-- GIVEN RECORDS --

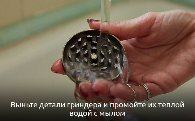 Выньте детали гриндера и промойте их теплой водой с мылом.
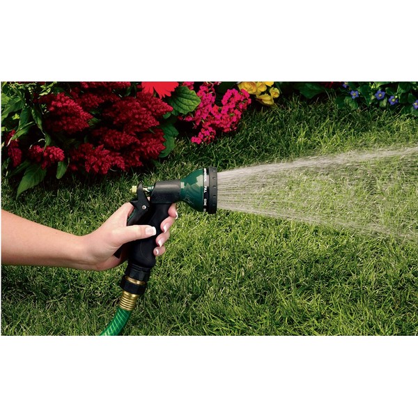 This water pistol has a soft-dial, self-cleaning turret guard and an insulated hand grip to help guard against a cold or hot handle. A rear trigger allows one-handed control of water flow and a locking feature maintains a constant, even spray. A non-corrosive exterior will provide many years of dependable yard-watering use. Attach it to any standard garden hose.
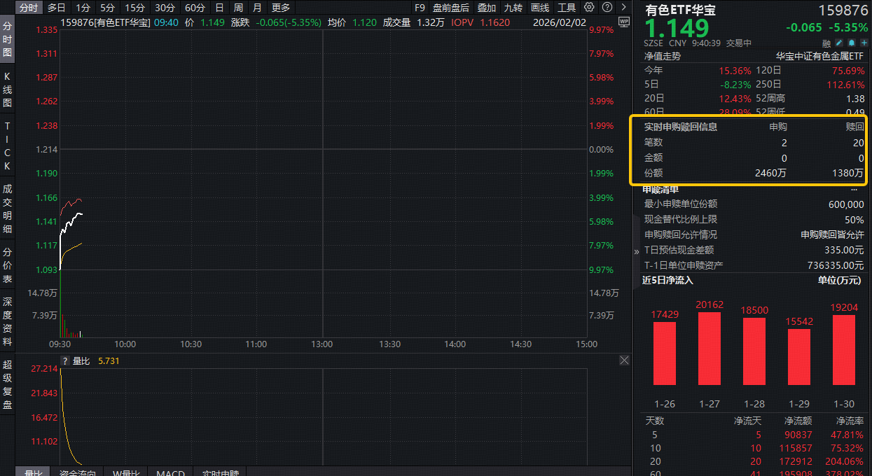 或受金银暴跌扰动,今日(2月2日)有色金属板块延续颓势,有色ETF华宝(159876)开盘场内价格一度跌超7%,现跌5.35%,跌幅略有缩窄。截至发稿,该ETF获资金实时净申购1080万份,或有资金
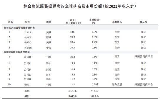 按全球第三方物流支出计,全球四大综合物流服务提供商的市场份额由2013年的4.3%增至2022年的6.6%。
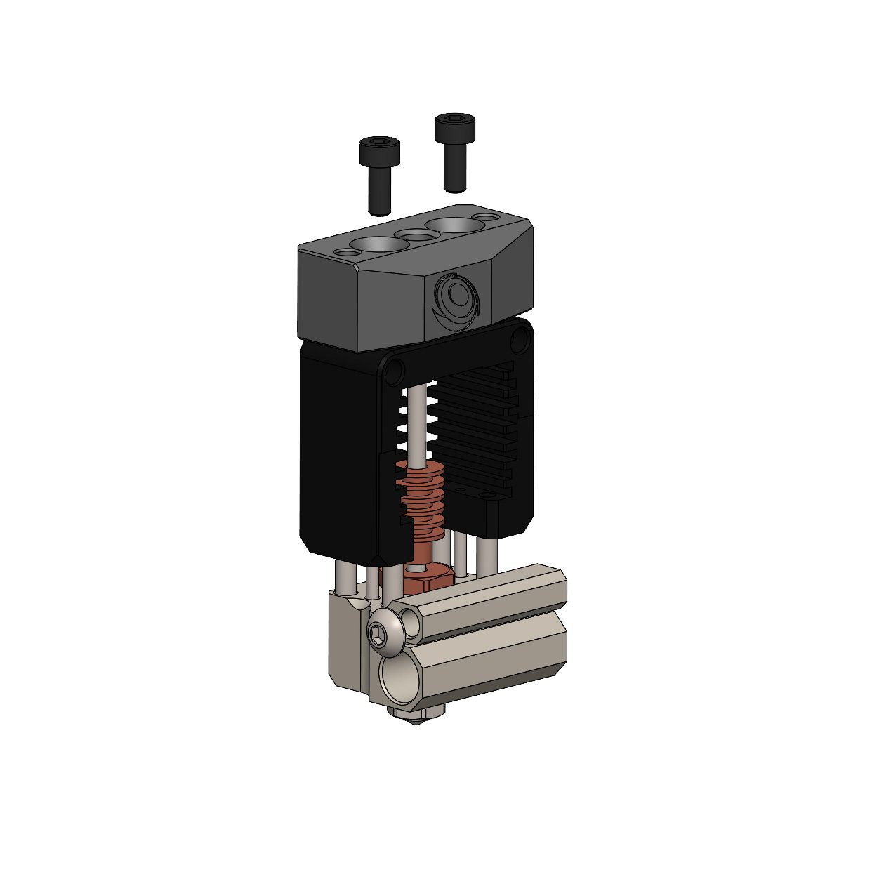 To mount the hotend on the adapter, use the M2.5x6mm screws included in your Slice Engineering hotend.

-- WHAT TO DO --
Your job is to reproduce the material exactly. Keep pictures out of it.

-- ANSWER SPACE --
 Выньте детали гриндера и промойте их теплой водой с мылом.
 This water pistol has a soft-dial, self-cleaning turret guard and an insulated hand grip to help guard against a cold or hot handle. A rear trigger allows one-handed control of water flow and a locking feature maintains a constant, even spray. A non-corrosive exterior will provide many years of dependable yard-watering use. Attach it to any standard garden hose.
 或受金银暴跌扰动,今日(2月2日)有色金属板块延续颓势,有色ETF华宝(159876)开盘场内价格一度跌超7%,现跌5.35%,跌幅略有缩窄。截至发稿,该ETF获资金实时净申购1080万份,或有资金
 按全球第三方物流支出计,全球四大综合物流服务提供商的市场份额由2013年的4.3%增至2022年的6.6%。
 To mount the hotend on the adapter, use the M2.5x6mm screws included in your Slice Engineering hotend.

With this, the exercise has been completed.